It’s not possible to send a set of Hive commands in plain text to the cluster. The Hive script must be stored somewhere where EMR can find it. The .NET code can only point out the location. All this means that we’ll need to prepare the Hive script beforehand. An ideal place to store all types of files is of course Amazon S3 and we’ll follow that line here as well. This is the reason why I called this post “indirect Hive”.

Preparation

First delete all records from the aggregation-tests DynamoDb table from the previous post so that we won’t confuse the old results with the new ones.
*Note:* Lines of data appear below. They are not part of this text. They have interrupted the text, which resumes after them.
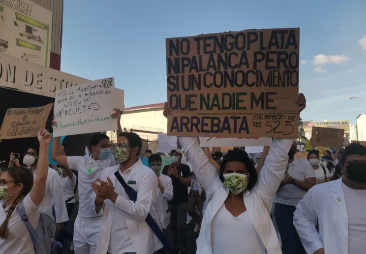 Un grupo de estudiantes y miembros de la Federación Nacional de Médicos Residentes e Internos (Fenameri) realizaron una marcha que inició en el Parque Porras y culminó en la Asamblea Nacional de Diputados.
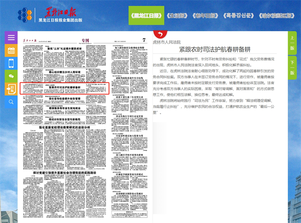 《黑龙江日报》:虎林市人民法院 紧跟农时司法护航春耕备耕
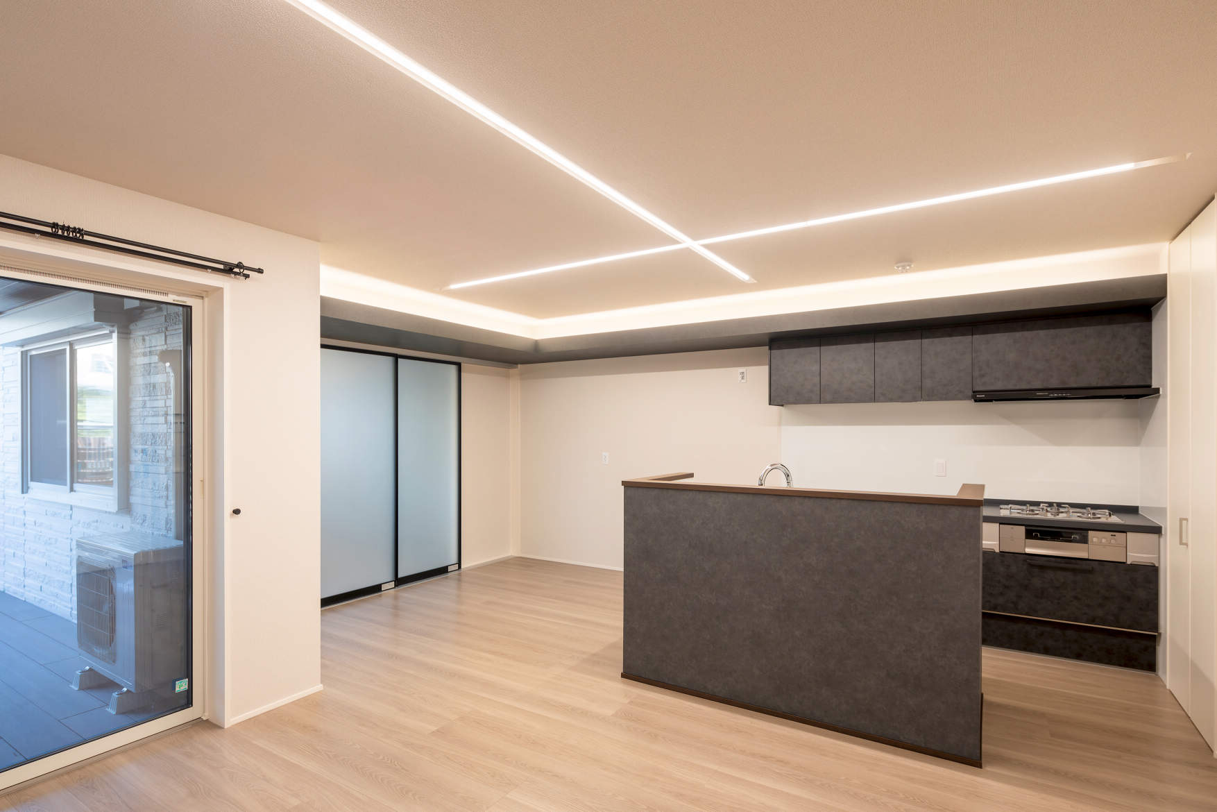 ダウンフロアになったリビングは、コーニス照明でタイル壁を引き立てています。
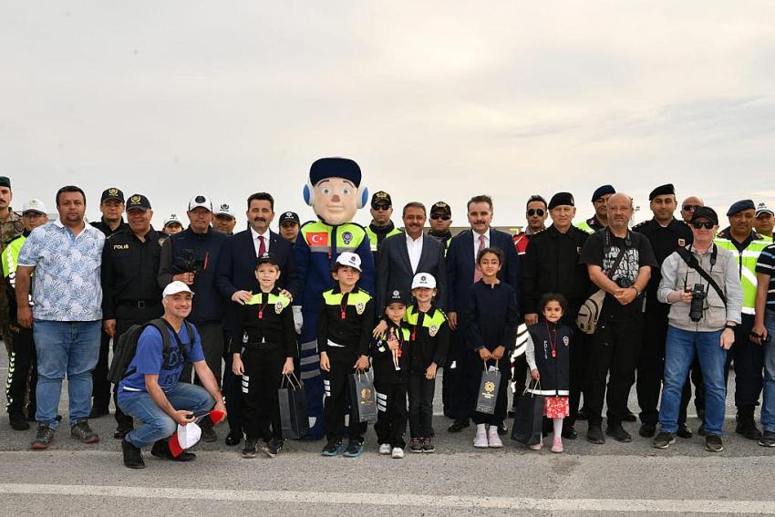 Edremit İlçesi girişinde yapılan trafik uygulamasına Vali Hasan Şıldak, İl Emniyet Müdürü Hasan Onar, İl Jandarma Komutanı J.Kd.Alb.Tarık Hekimoğlu ve Edremit Kaymakamı Ahmet Odabaş katıldı.
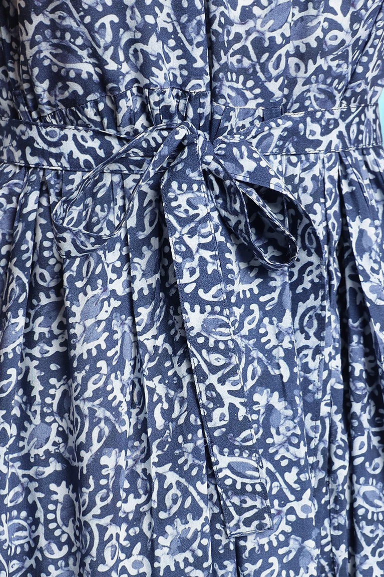 Embrace artisanal charm with this blue flared dress crafted in breathable modal fabric and adorned with batik-inspired prints. The soft silhouette cascades beautifully, giving you ease of movement and all-day comfort. Front buttons lend a hint of detail while maintaining a clean, minimalist appeal. This batik printed modal dress is an excellent pick for brunches, weekend getaways, or laid-back festive moments. The flared silhouette adds drama while keeping the look breezy and feminine. The modal fabric drapes like a dream and is gentle on the skin, making it perfect for humid days. Whether styled with heels or flats, this batik dress is designed for effortless elegance.
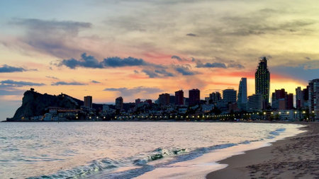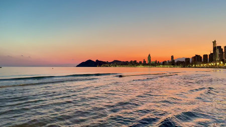 Experience the breathtaking and stunning sunset view of Benidorms skyline beautifully reflecting on the calm sea
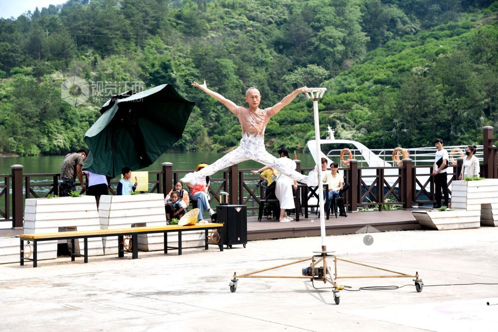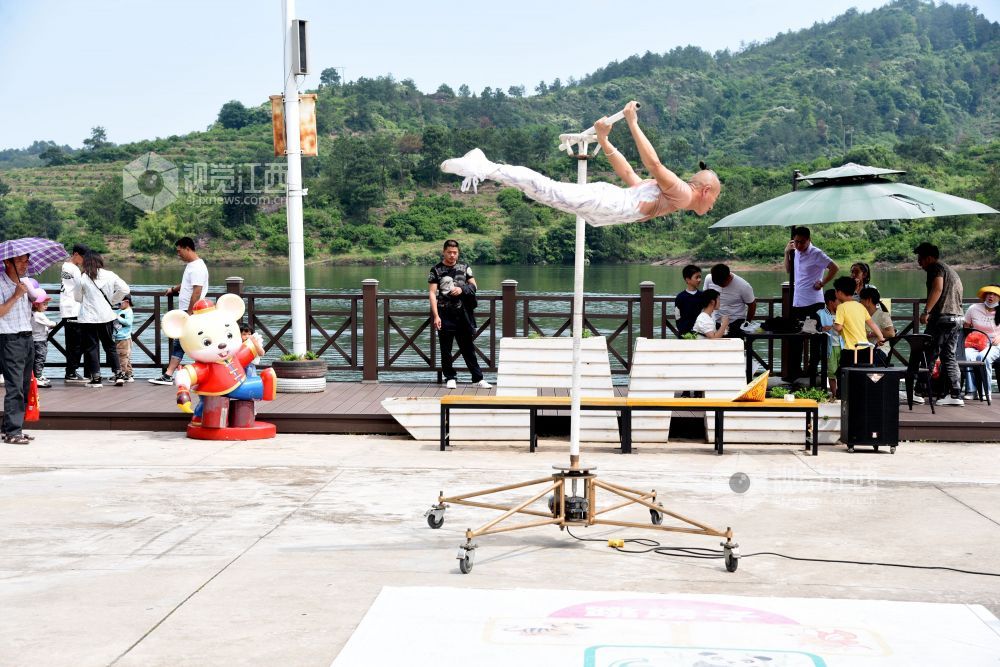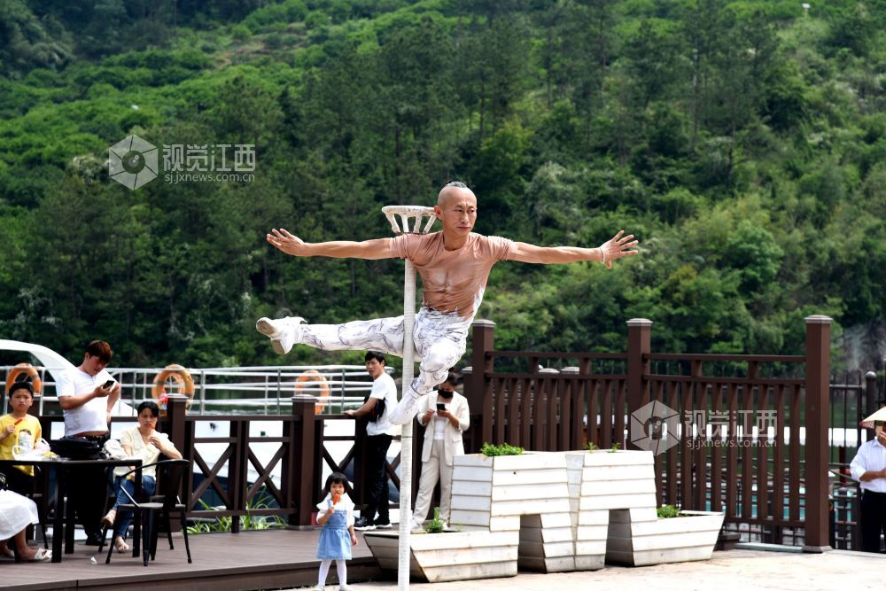 2021年5月1日,江西省抚州市南丰县观必上水上乐园、码头、橘子餐厅广场迎来一波波游客,丰富多彩的特色表演吸引游客眼球。五一假期,南丰县观必上景区为游客安排了丰富多彩的节目,有川剧变脸、茶艺表演、游船观光、南丰傩舞、大唐不倒翁、竹竿舞、角色扮演、星光大道网红夫妻表演等,往来的游客纷纷驻足欣赏,感受欢快祥和的节日气氛。
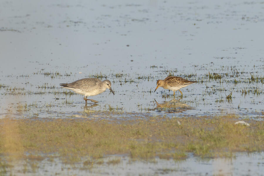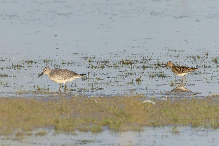 Short-billed/Long-billed Dowitcher, Pectoral Sandpiper, Lesser Yellowlegs7:36AM Saturday August 31, 2024
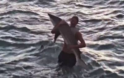 لا يصدق : شاب يصطاد سمكة قرش بيده .. فيديو
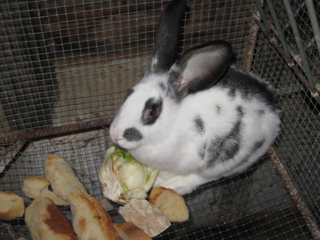 il fondo delle gabbie è tutto in rete?controlla le zampe del maschio.una bella lettiera di paglia e qualche ramo da rosicchiare sarebbe meglio di tutto quel pane.non esagerare nel mangiare con i conigli. ciao danilo
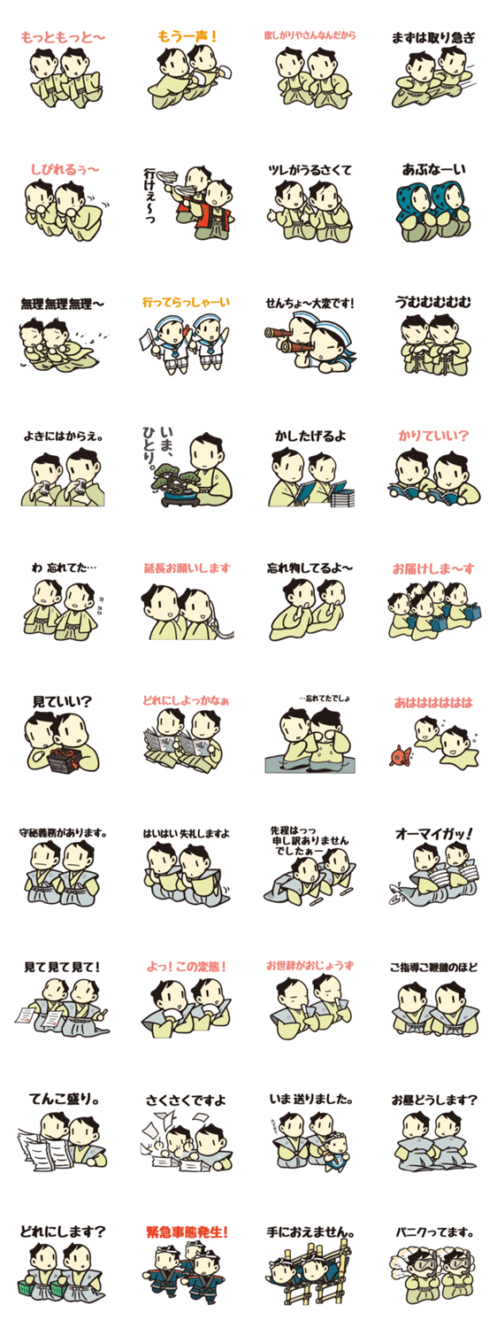 TWINS 2 桂さん コメントをどうぞ 若様ダブル、全身バージョン。 裃できりり?たまにコスプレ。気持ちが二倍の時にどうぞ。 背景に色があると、吹き出しが現れます。 このスタンプどう思う?!↓クリックで投票♪好き (0)かわいい (0)かっこいい (0)おもしろい (0)使いやすそう (0)欲しい (0)萌え (0)ほっこりする (0)おしゃれ (0)ゆるい (0)こわい (0)ウザい (0)キモい (0)ムカつく (0)持ってる (0)癒される (0)セクシー (0)個性的 (0)私は買わない (0)誰かプレゼントして! (0) 購入・プレゼントする Facebookでシェア Twitterでシェア

Next, create a text file called hive-aggregation-script.txt and insert the following statements:

create external table if not exists raw_urls (url string, response_time int) row format delimited fields terminated by '|' location 's3://raw-urls-data/';
create external table if not exists aggregations (id string, url string, avg_response_time double) stored by 'org.apache.hadoop.hive.dynamodb.DynamoDBStorageHandler' tblproperties("dynamodb.table.name" = "aggregation-tests", "dynamodb.region" = "eu-west-1", "dynamodb.column.mapping" = "id:id,url:url_name,avg_response_time:average_response_time");
create table if not exists temporary_local_aggregation (id string, url string, avg_response_time double);
insert overwrite table temporary_local_aggregation SELECT reflect("java.util.UUID", "randomUUID"), url, avg(response_time) FROM raw_urls GROUP BY url;
insert into table aggregations select * from temporary_local_aggregation;
drop table aggregations;
drop table raw_urls;

All of these statements are copied directly from the previous post. It’s just a step-by-step instruction to create the external tables, run the aggregations and store them in DynamoDb.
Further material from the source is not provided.